First: LLMs are completely stateless

Not familiar with how LLMs work? A large language model like GPT or Claude has no persistent memory. Every time you send a message, the model reads the entire conversation from scratch and generates the next response. When the conversation ends, everything is gone. The model doesn't "remember" you between sessions – it doesn't even remember you between individual API calls. There is no internal state. Just: here is the conversation so far, now continue it.

This is the root of the problem. Every LLM "memory" system is ultimately an answer to the same question: how do you give a stateless model the appearance of long-term memory?

The obvious answer is: just put the conversation history in the prompt. Give it everything. Let the model figure it out.

The naive approach (and why it fails)

Context stuffing – loading the full chat history into every prompt – is where everyone probably starts. I did too.

Tokens and context windows, quickly. A token is roughly 4 characters of text, or about ¾ of a word in English. "Hello there" is 3 tokens. "Tokenization" is 4. The context window is the model's working memory: the maximum number of tokens it can hold in a single call. Once you exceed it, older content falls off the edge.

Here's what common things look like in token terms:

A tweet
75
This blog post
5K
A novel
100K
Claude Sonnet 4.6
200K
GPT-5.5
272K
4 months of daily chat
288K
Gemini 2.5 Pro
1.0M

A moderately active user sending 30 messages a day at ~80 tokens each generates roughly 2,400 tokens of daily conversation. Claude Sonnet 4.6's 200K window overflows after about 83 days.
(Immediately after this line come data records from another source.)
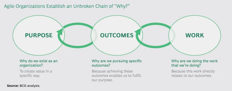 We have written before about the importance of defining objectives and desired outcomes—the why of what a company does—as well as of focusing on principles over practices, putting the right leadership in place, and establishing alignment to enable autonomy. For agile to be successful, all of these pieces must be in place. Agile organizations are especially good at establishing “an unbroken chain of why,” which is simple in conception but far from easy to implement. (See the exhibit.) This unbroken chain establishes links between the business outcomes that the company needs to achieve and the work that individual teams are charged with delivering. A well-run agile process reinforces the chain of why and defines clear outcome metrics. Even if a company isn’t applying agile, the unbroken chain of why can still have tremendous value.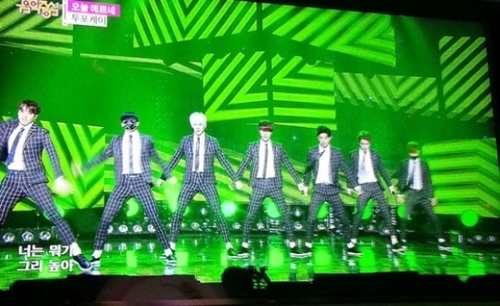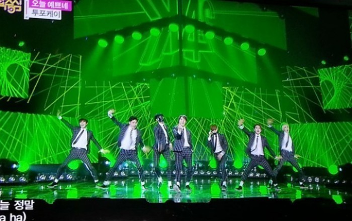 이날 투포케이는 윈도우 체크가 들어간 수트를 입고 섹시함과 절제미를 갖춘 카리스마로 여심을 흔들었다. 중독성 강한 트랩이디엠 멜로디에 개성 있는 ‘네이네이’ 춤이 특징인 투포케이 '오늘 예쁘네'는 4월 13일 공개된 3집 타이틀곡으로 리더 코리가 작사, 작곡, 편곡하고 멤버 대일이 안무를 기획, 여기에 멤버 정욱과 대일이 랩 메이킹까지 덧붙여 온전히 투포케이 멤버들의 힘으로 완성해낸 곡으로 화제를 모은 바 있다. 한편 이날 음악중심에는 EXID, 니엘, M&D, 블락비 바스타즈, 달샤벳, 미쓰에이, FT아일랜드, 케이윌, 레드벨벳, 언터쳐블, 러블리즈, 크레용팝, 디아크, 신보라, NC.A, JJCC, 신지수, 박시환이 출연했다.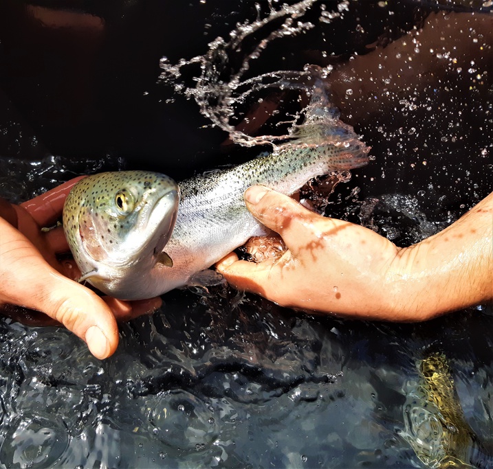 Bei uns gibt es fangfrische Forellen und Saiblinge in Bio-Qualität.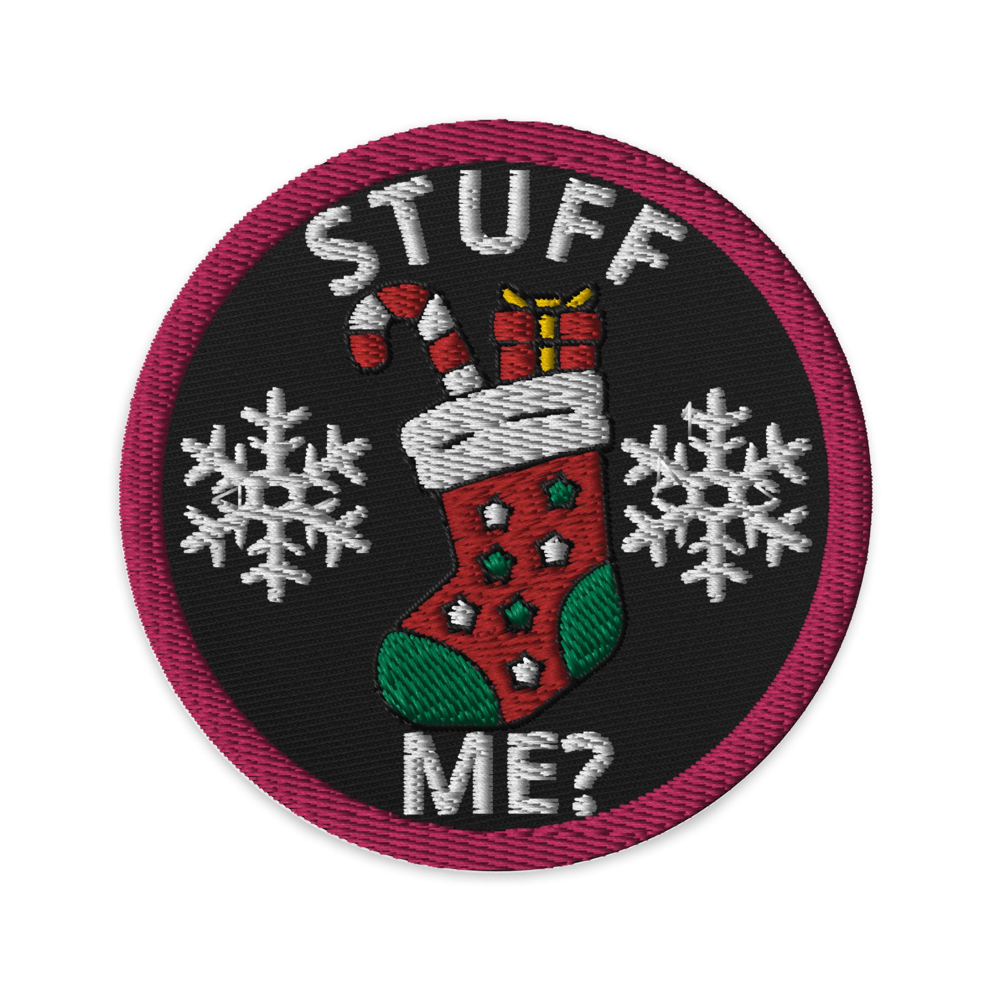 An embroidered patch featuring the words Stuff Me? along with a Christmas stocking. Is it going to be a White Christmas for you and yours?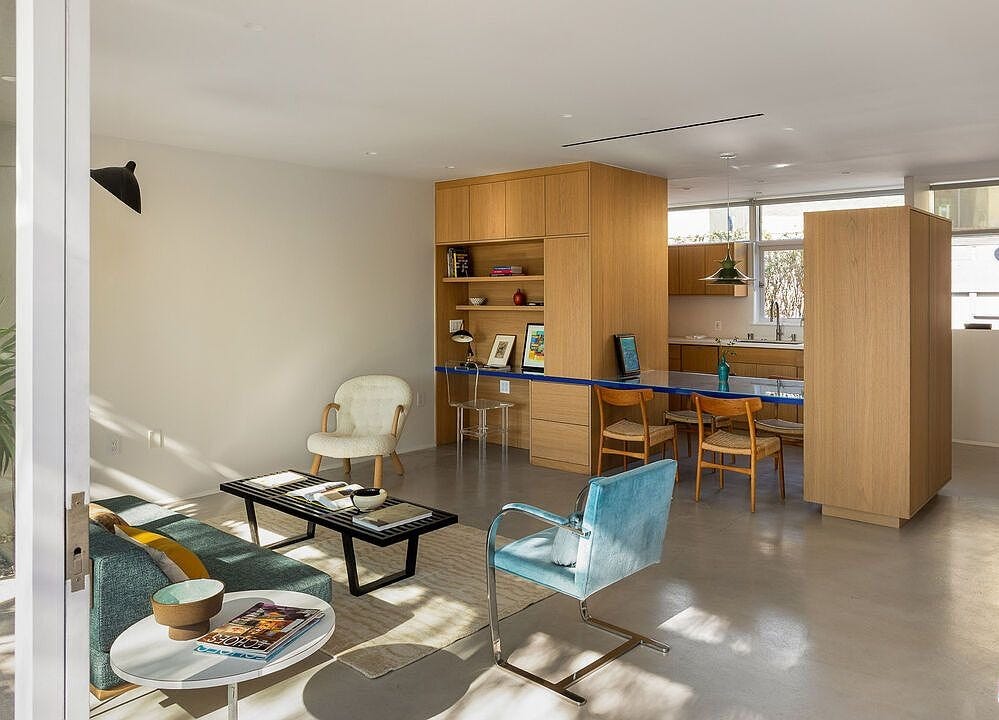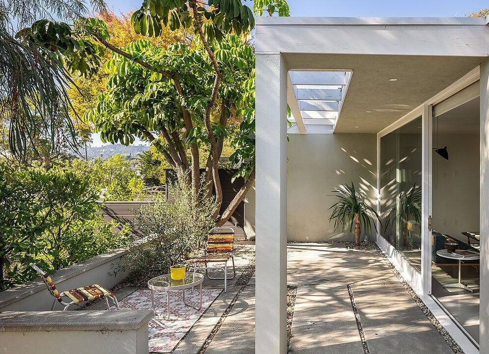 Yesterday, a midcentury designed by Gregory Ain, a slightly lesser-known but no less revered member of that vaunted group, hit the market in Silver Lake. It’s actually not a single-family residence, but part of the Avenel Homes, a collection of ten identical cooperative units built in 1947 and added to the National Register of Historic Places in 2005. The single-level units are arranged in a sawtooth pattern, so each has an entrance from the outside and a private rear patio. Like each of the nine others, this unit features three bedrooms, one bathroom, and Ain’s famous sliding walls, which can be used to separate or combine living spaces as the occupant sees fit.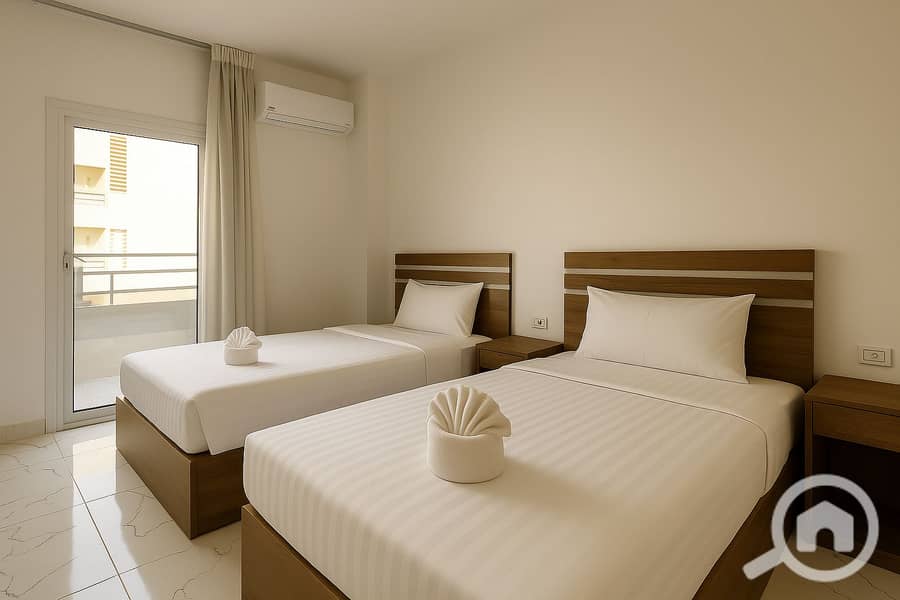 شقة واسعة من غرفتي نوم في الطابق الثاني من لا بريستيجيا،الغردقة يحتوي على 3 أسرة و3 أسرة وغرفة معيشة مريحة ومطبخ مجهز بالكامل وشرفة خاصة كبيرة. مصعد في المبنى قصير سيرا على الأقدام إلى مقاهي الشاطئ والمحلات التجارية الرائعة للعائلات من المجموعات الصغيرة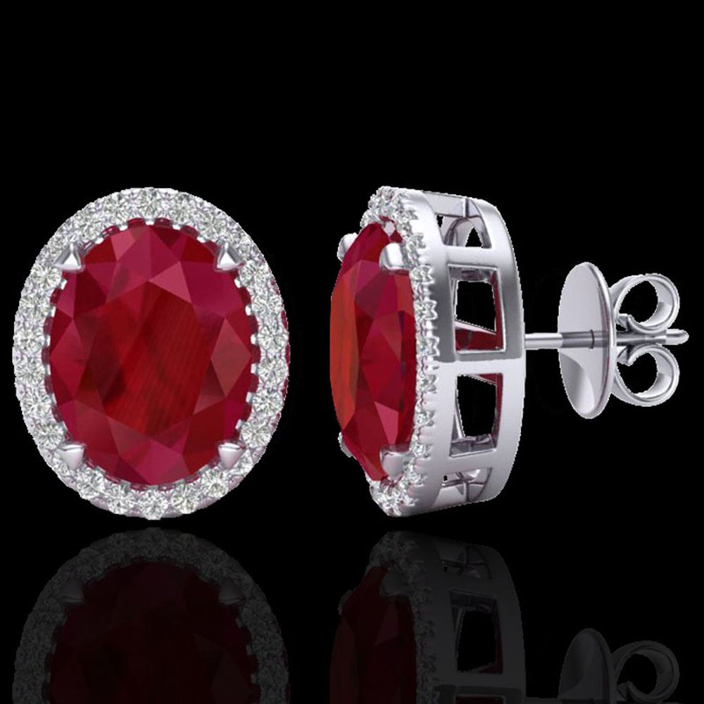 REF-81K8Y - SKU: 20257 ---- 5.50 ctw Ruby & Micro VS/SI Diamond Halo Earrings 18k White Gold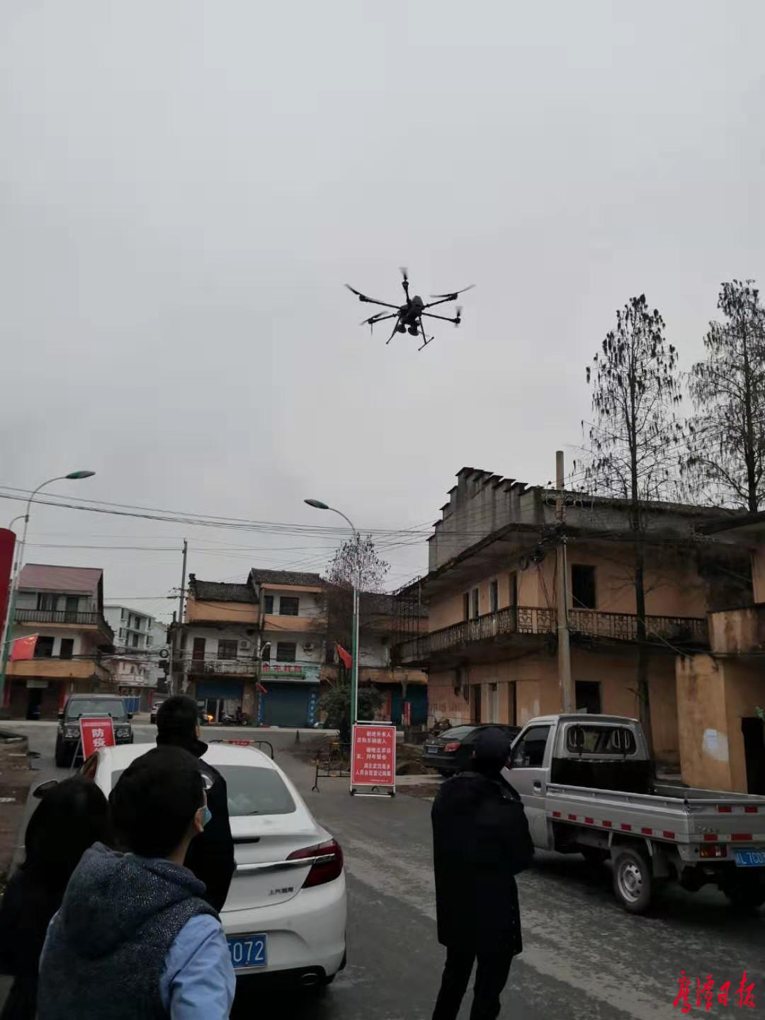 1月27日下午,随着螺旋桨发出的“嗡嗡”声,一架无人机在鹰潭高新区瑞和国际小区门口腾空而起。白露街道办事处工作人员正联合普华鹰眼科技发展有限公司技术人员利用无人机搭载喇叭的方式,向各小区内的居民宣传新型冠状病毒感染的肺炎疫情防护知识。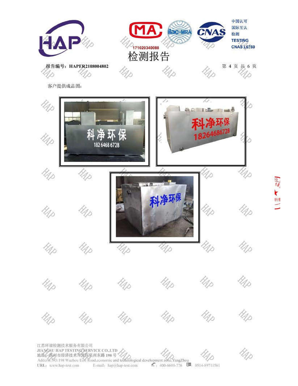 不銹鋼一體化污水處理設(shè)備檢測(cè)報(bào)告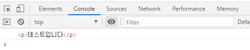 콘솔에서 생성한 <p>를 출력해보면 다음과 같다.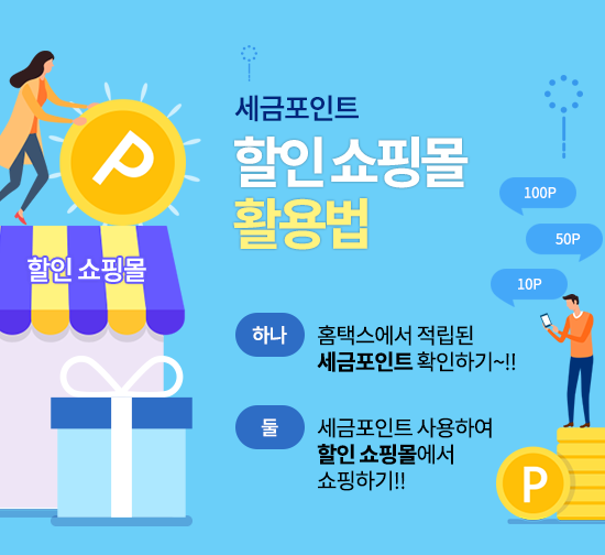 세금포인트로 할인 쇼핑몰을 활용하려면 홈택스에서 적립된 세금포인트 확ㅇ니하고, 할인 쇼핑몰에서 쇼핑하면 끝!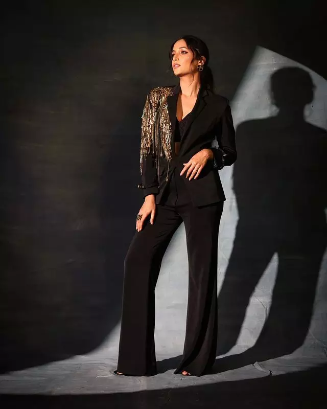 In these captivating images, she was seen wearing a royal blue embellished outfit that exuded regal charm.
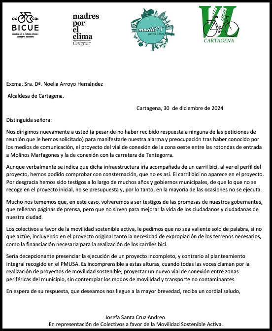 “Mucho nos tememos que esto se convierta en otra autovía interurbana perdiéndose la oportunidad de conectar, mediante carril bici seguro, los barrios de la zona oeste con el casco urbano de Cartagena. Es un ejemplo más del poco compromiso del gobierno de la Comunidad Autónoma con la bicicleta y de la prepotencia municipal, que no vela por los intereses de sostenibilidad en su municipio; y que utiliza los órganos de participación ciudadana, como la Mesa de la Movilidad, como mero órgano informativo, en vez de crear un foro de trabajo y participación verdaderamente consultivo y democrático, donde los usuarios de la bicicleta, peatones y personas de movilidad reducida, podamos expresar nuestras ideas e inquietudes, basadas en nuestra experiencia diaria, al desplazarnos utilizando estos medios de transporte alternativo”, explica José Ángel Vivancos Román de la asociación Vía Libre.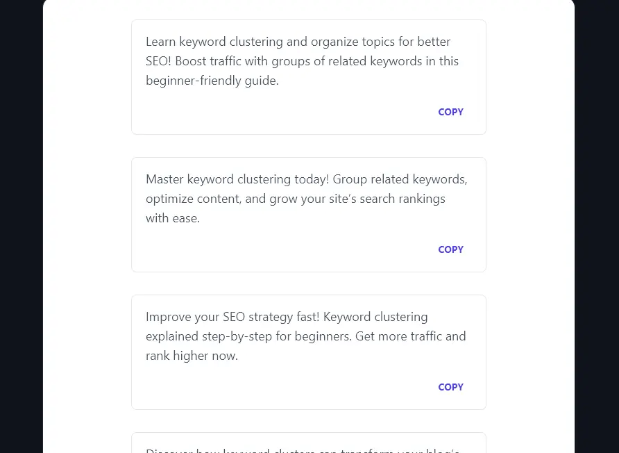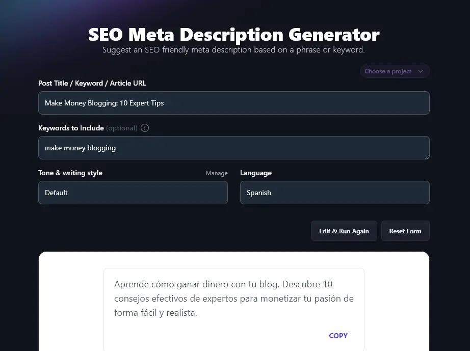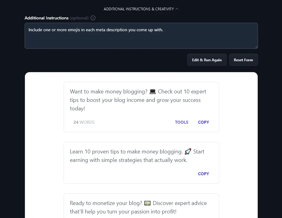 You could even run the meta description generator multiple times to get descriptions in several languages (e.g. for multilingual blog content).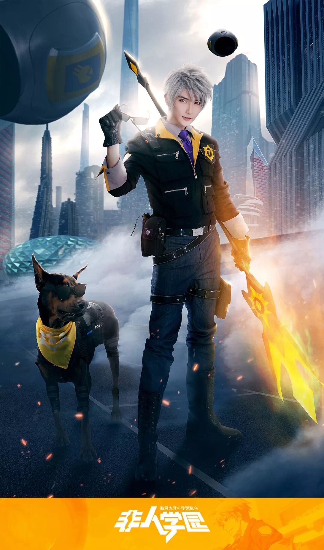 学园开学,大批新老同学涌入校园,为了庆祝这个愉♂快的季节,cos社社长大佬、黄靖翔学长一人扮演男神巡检官·杨戬,以及优雅的万能执事·太白的 正式大片 ,也在学园LED大屏幕上滚动播出啦!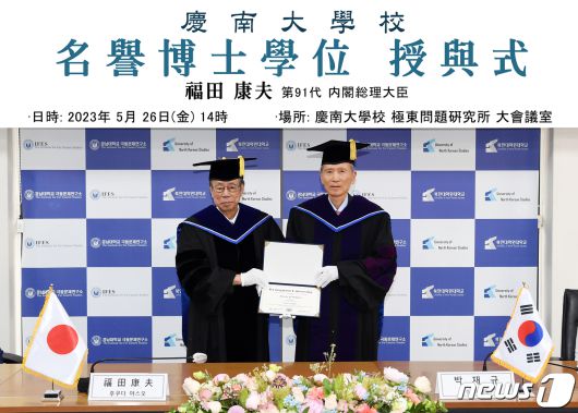 경남대는 이날 오후 서울 종로구 소재 경남대 극동문제연구소에서 후쿠다 전 총리에 대한 학위 수여식을 개최했다.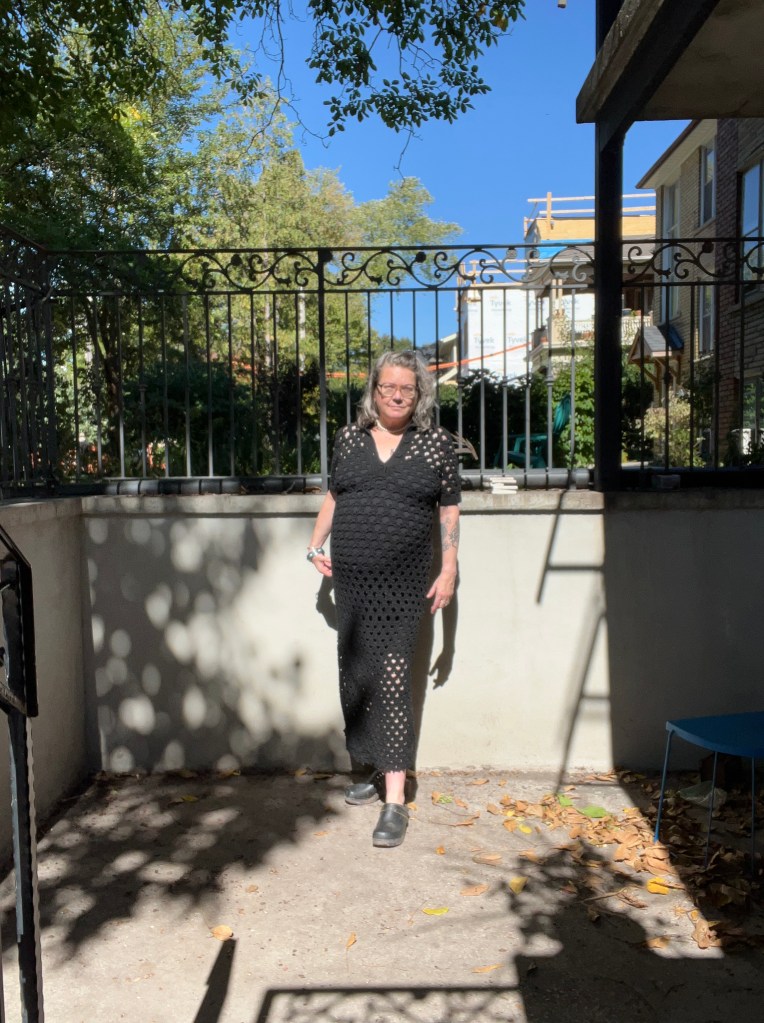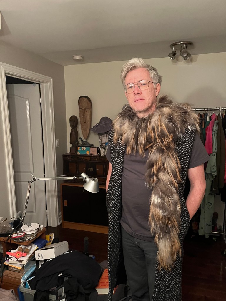 Our neighbour had a yard sale, you see. So I masked up and perused from a distance. I picked out three things: A wool herringbone sleeveless coat (it reminded me the Horses Atelier Alchemical jacket), a crocheted maxi dress (it reminded me a bit of Bode), and a fur boa.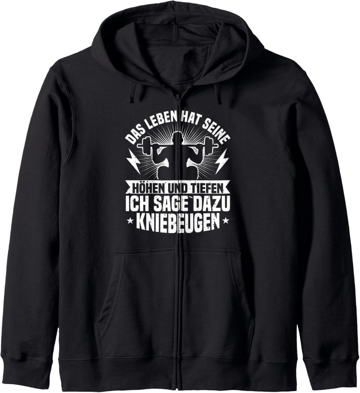 PRODUKTBESCHREIBUNGEN Lustiges Bodybuilder und Kraftsportler Motiv mit dem Spruch "Das Leben hat seine Höhen und Tiefen Ich sage dazu Kniebeugen". Perfekt beim Powerlifting oder Gewichtheben im Fitnessstudio. Tolle Pumper Idee um die Muskeln darunter zu verstecken.
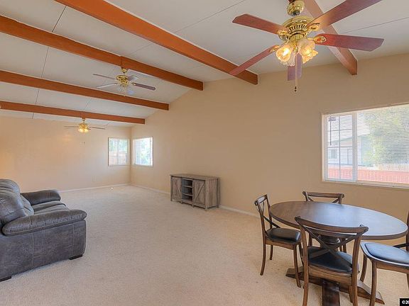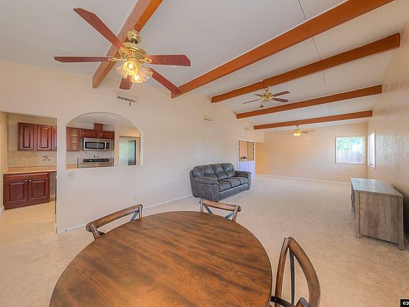 Cozy Stead home with high ceilings and wonderful natural light. The upgraded kitchen with warm colors and stainless steel sink, newer stainless steel range/oven has solid surface counters and tile back splash, flooring. Spacious living/dining area with wood-beamed ceiling and ceiling fan gives a stylish look to this open floor plan. Fully fenced and plenty of room for RV parking and all the toys. Large clean lot and ready for a new owner.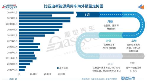 在此背景下,3月份比亚迪海外新能源乘用车销量累计完成38,434辆,创历史新高。而自2022年7月比亚迪公布数据至今,其海外新能源乘用车销量已突破39万辆,其中2024年前三个月累计销量就已突破逼近10万辆。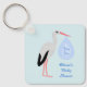 Esta diversão para salvar a data chá de fraldas do chaveiro de apresenta uma imagem gráfica de uma bela Stork branca com penas pretas na cauda segurando um pacote azul claro de cobertores. Há um texto azul no pacote que diz "Menino". Esta design é perfeita para celebrar um menino. O texto é personalizável para que você possa incluir o nome da futura mãe na frente e a data do chá de fraldas no verso.

GPT-5.5's standard context window is 272K – which buys you around 113 days, not dramatically more. Gemini 2.5 Pro is the outlier here, with a 1 million token context that at this rate gives you over a year of headroom – and genuinely does push the overflow problem out far enough that most users will never hit it.

So the overflow problem could largely be solved by choosing a model with a bigger context window. But context size was never really the issue. Even with room to fit everything, there's a well-documented problem: models reliably underperform on information buried in the middle of a long context. Liu et al. called it "Lost in the Middle" in 2023 – they found that relevant documents placed mid-context were significantly less likely to be used than documents near the start or end. The "needle in a haystack" benchmark formalised this further: hide one fact somewhere in a long document, ask the model to retrieve it. Performance craters in the middle. Bigger windows shift the problem out.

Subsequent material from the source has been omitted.